*Goal of the exercise*. Everything from the line with "Esselte faneblade i" down to the line with "門診大廳借全景落地窗模糊室內" below must be printed exactly, those two lines included. Exclude pictures.

*Task input*.
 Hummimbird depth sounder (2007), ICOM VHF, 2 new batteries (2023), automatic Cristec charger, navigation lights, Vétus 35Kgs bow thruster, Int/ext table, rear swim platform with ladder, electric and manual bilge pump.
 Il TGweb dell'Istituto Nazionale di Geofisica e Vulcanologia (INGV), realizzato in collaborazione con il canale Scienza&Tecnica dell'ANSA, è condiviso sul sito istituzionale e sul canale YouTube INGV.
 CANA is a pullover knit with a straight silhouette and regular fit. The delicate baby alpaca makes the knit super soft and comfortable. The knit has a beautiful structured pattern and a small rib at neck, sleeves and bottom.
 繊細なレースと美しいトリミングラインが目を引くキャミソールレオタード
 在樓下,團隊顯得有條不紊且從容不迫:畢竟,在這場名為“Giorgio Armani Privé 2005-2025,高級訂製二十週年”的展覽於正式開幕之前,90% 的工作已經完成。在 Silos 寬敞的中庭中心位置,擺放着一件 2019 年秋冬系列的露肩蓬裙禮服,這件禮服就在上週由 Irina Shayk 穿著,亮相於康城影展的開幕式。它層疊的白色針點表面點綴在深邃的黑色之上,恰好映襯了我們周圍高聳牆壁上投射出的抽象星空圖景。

...

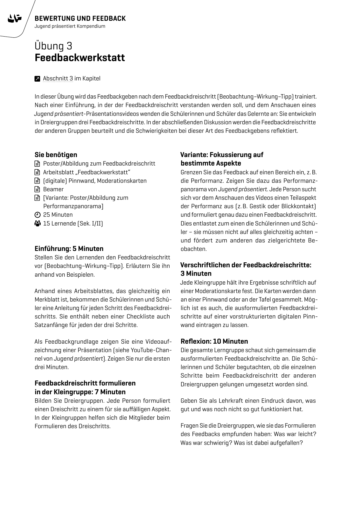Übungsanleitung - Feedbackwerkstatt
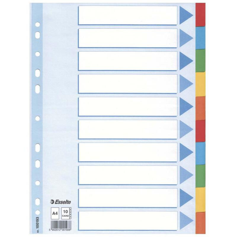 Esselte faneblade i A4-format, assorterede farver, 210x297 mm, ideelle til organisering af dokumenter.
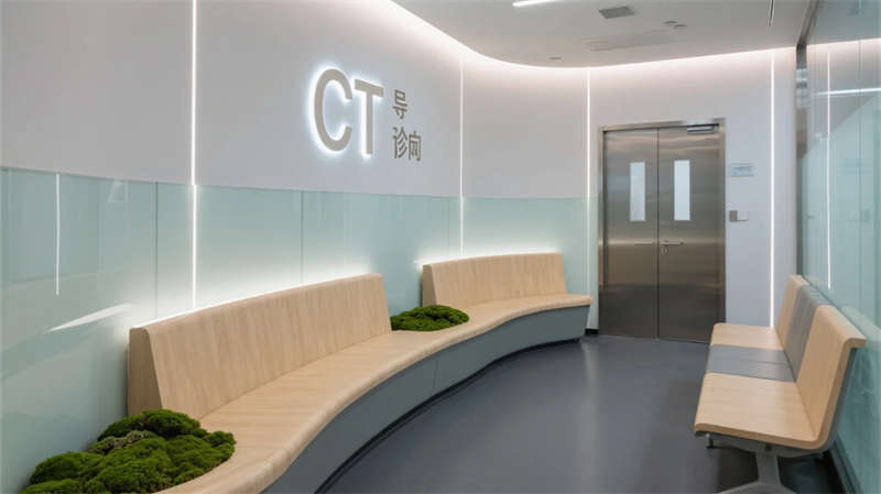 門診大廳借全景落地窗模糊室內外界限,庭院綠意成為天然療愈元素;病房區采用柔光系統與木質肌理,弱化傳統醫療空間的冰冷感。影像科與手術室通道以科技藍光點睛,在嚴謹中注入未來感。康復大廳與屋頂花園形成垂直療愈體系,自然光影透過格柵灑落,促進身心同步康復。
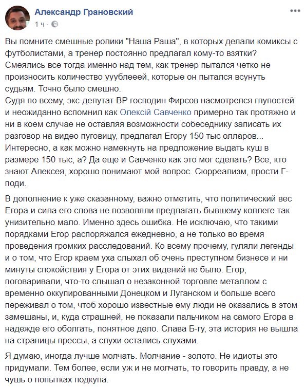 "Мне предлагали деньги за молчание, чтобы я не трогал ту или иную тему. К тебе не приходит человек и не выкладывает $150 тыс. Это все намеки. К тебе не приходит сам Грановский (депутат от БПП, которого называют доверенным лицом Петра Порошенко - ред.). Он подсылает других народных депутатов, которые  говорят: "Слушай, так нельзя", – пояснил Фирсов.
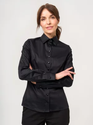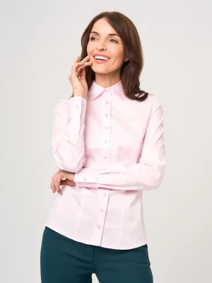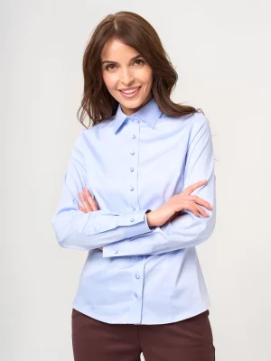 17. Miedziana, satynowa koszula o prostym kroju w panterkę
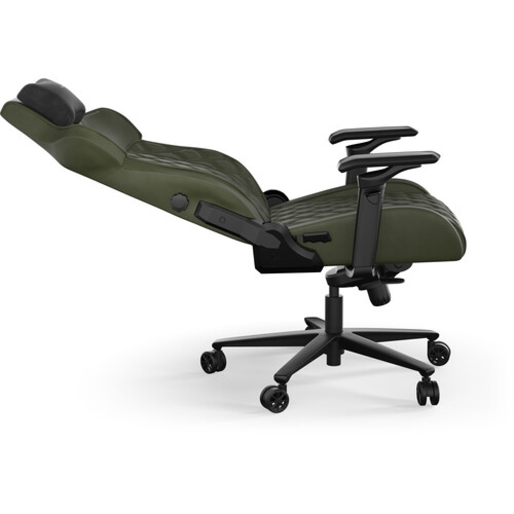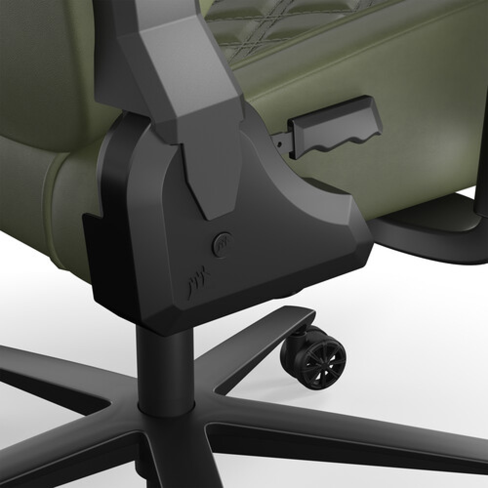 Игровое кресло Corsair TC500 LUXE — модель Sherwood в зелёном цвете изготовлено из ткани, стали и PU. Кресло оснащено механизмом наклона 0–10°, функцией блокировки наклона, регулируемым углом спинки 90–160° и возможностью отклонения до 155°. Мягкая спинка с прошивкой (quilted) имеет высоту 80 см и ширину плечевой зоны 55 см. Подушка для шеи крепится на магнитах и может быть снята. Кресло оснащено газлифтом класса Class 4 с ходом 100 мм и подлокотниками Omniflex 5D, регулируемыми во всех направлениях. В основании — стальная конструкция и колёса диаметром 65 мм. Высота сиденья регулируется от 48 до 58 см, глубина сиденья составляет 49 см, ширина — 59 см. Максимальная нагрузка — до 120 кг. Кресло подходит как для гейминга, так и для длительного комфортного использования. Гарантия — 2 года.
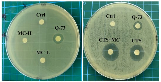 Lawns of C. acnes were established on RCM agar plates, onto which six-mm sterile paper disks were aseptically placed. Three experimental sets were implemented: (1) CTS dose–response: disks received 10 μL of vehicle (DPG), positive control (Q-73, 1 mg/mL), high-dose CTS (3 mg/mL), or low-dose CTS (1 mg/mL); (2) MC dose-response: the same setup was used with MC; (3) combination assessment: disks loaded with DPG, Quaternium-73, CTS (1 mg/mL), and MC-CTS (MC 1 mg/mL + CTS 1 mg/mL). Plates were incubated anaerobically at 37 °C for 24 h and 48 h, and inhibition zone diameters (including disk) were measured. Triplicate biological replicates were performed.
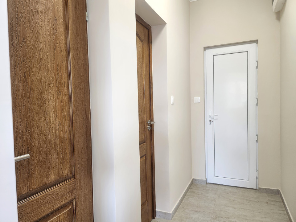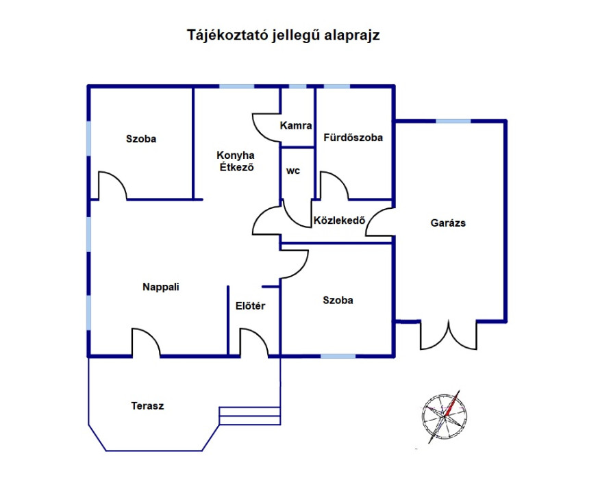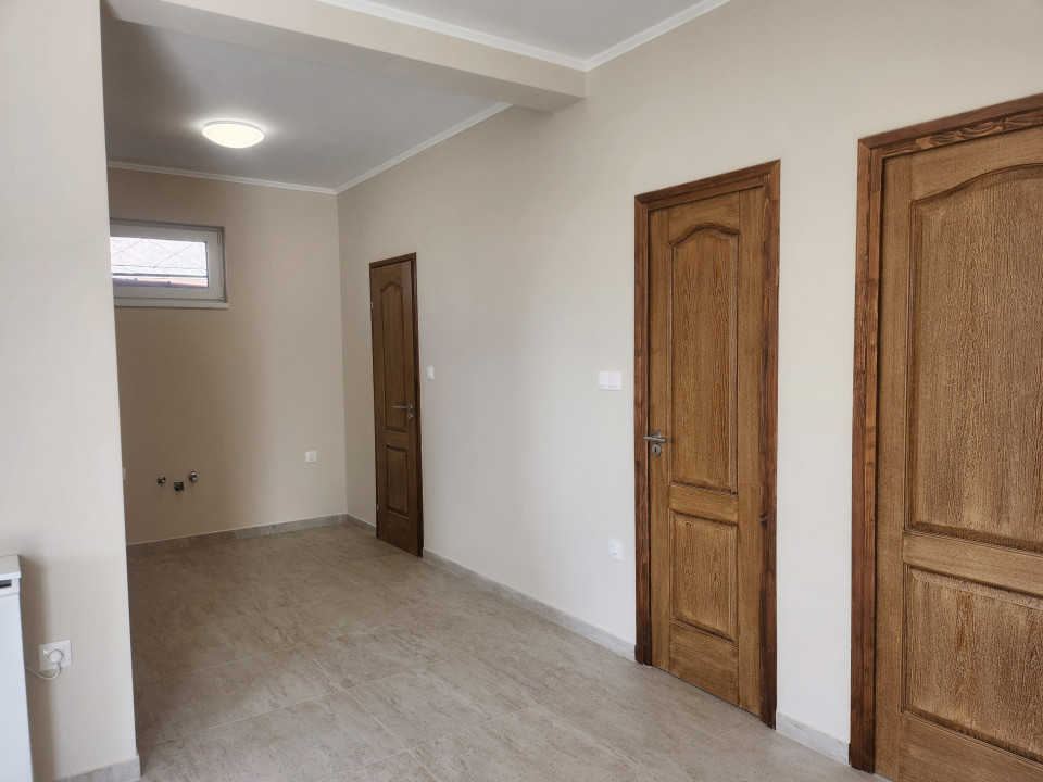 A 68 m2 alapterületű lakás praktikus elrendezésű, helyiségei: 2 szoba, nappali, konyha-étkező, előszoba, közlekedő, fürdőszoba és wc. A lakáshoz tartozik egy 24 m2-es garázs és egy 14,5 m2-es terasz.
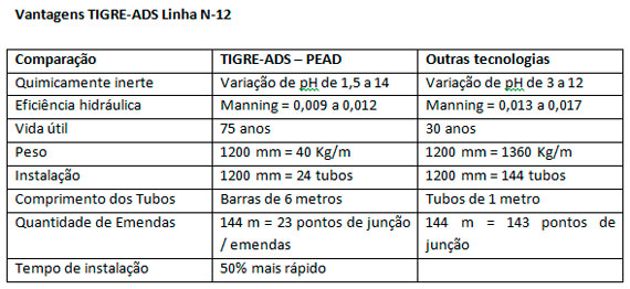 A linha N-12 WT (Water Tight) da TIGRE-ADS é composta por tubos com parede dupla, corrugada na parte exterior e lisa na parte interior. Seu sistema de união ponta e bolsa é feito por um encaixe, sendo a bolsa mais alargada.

...

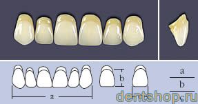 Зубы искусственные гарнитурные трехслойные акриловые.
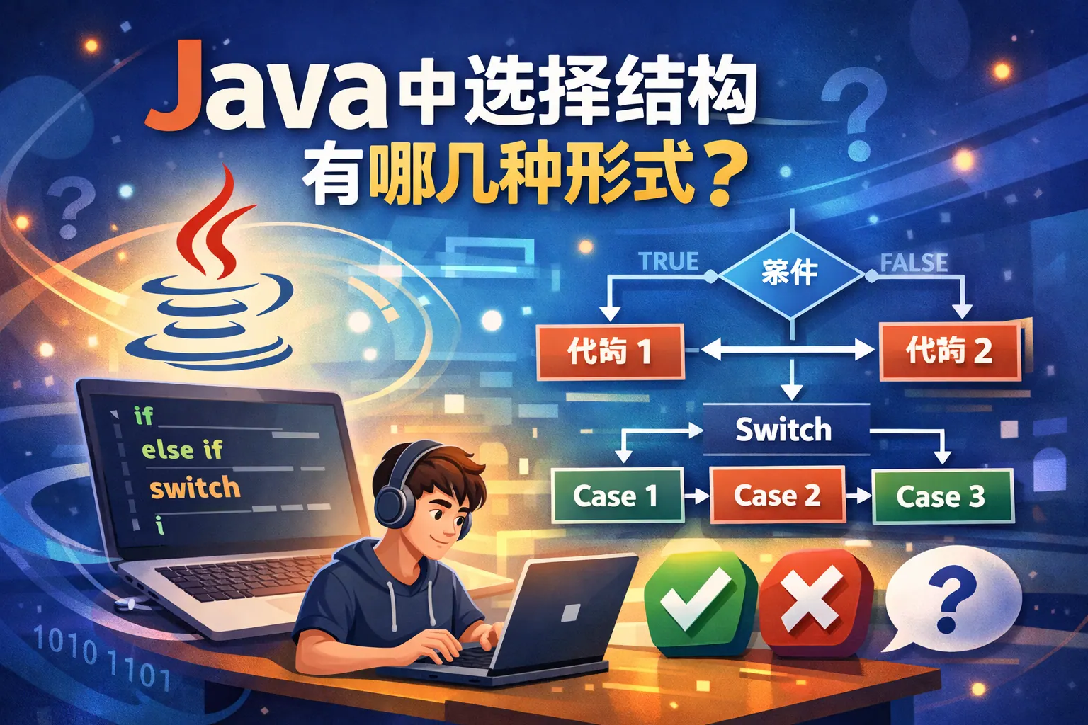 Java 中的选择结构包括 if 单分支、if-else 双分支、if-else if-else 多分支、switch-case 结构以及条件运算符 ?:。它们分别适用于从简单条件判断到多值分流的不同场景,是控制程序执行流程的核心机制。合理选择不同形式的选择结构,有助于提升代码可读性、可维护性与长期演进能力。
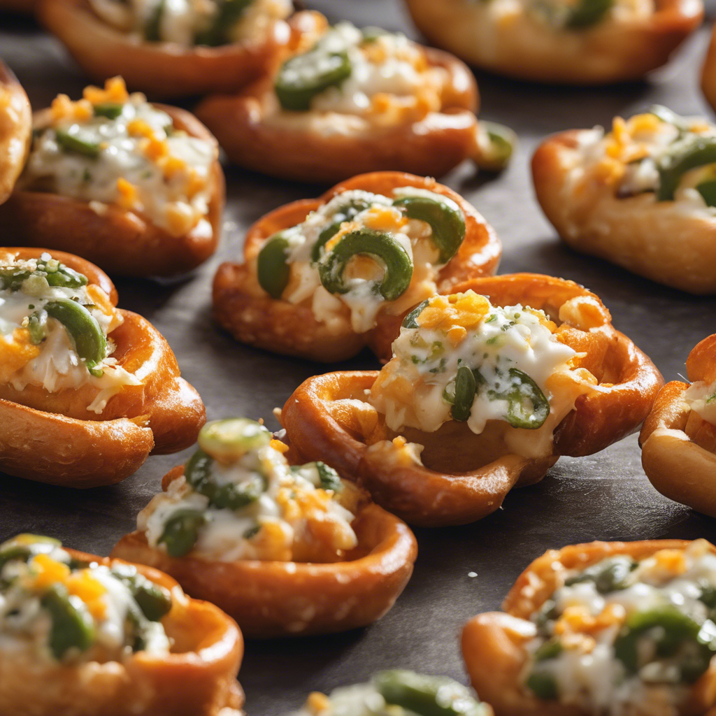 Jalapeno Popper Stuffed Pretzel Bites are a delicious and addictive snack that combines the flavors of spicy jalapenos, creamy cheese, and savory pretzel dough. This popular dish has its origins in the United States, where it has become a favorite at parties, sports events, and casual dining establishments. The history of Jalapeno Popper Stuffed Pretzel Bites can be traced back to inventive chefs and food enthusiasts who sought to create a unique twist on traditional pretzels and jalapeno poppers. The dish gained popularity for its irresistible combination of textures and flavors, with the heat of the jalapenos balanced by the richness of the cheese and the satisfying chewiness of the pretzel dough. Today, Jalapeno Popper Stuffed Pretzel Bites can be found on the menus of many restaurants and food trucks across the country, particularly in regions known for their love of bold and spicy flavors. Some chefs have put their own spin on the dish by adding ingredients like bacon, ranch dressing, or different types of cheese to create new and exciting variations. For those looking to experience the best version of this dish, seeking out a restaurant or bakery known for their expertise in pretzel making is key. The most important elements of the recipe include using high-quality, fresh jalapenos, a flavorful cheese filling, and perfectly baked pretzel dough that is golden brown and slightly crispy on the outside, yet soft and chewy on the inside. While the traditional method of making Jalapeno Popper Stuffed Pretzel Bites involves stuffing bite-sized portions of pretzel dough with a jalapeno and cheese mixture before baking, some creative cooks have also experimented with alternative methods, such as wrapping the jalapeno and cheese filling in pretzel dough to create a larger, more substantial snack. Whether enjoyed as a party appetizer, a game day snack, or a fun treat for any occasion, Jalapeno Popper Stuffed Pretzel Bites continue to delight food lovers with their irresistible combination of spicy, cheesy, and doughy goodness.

*Solution*.
 Esselte faneblade i A4-format, assorterede farver, 210x297 mm, ideelle til organisering af dokumenter.
 門診大廳借全景落地窗模糊室內外界限,庭院綠意成為天然療愈元素;病房區采用柔光系統與木質肌理,弱化傳統醫療空間的冰冷感。影像科與手術室通道以科技藍光點睛,在嚴謹中注入未來感。康復大廳與屋頂花園形成垂直療愈體系,自然光影透過格柵灑落,促進身心同步康復。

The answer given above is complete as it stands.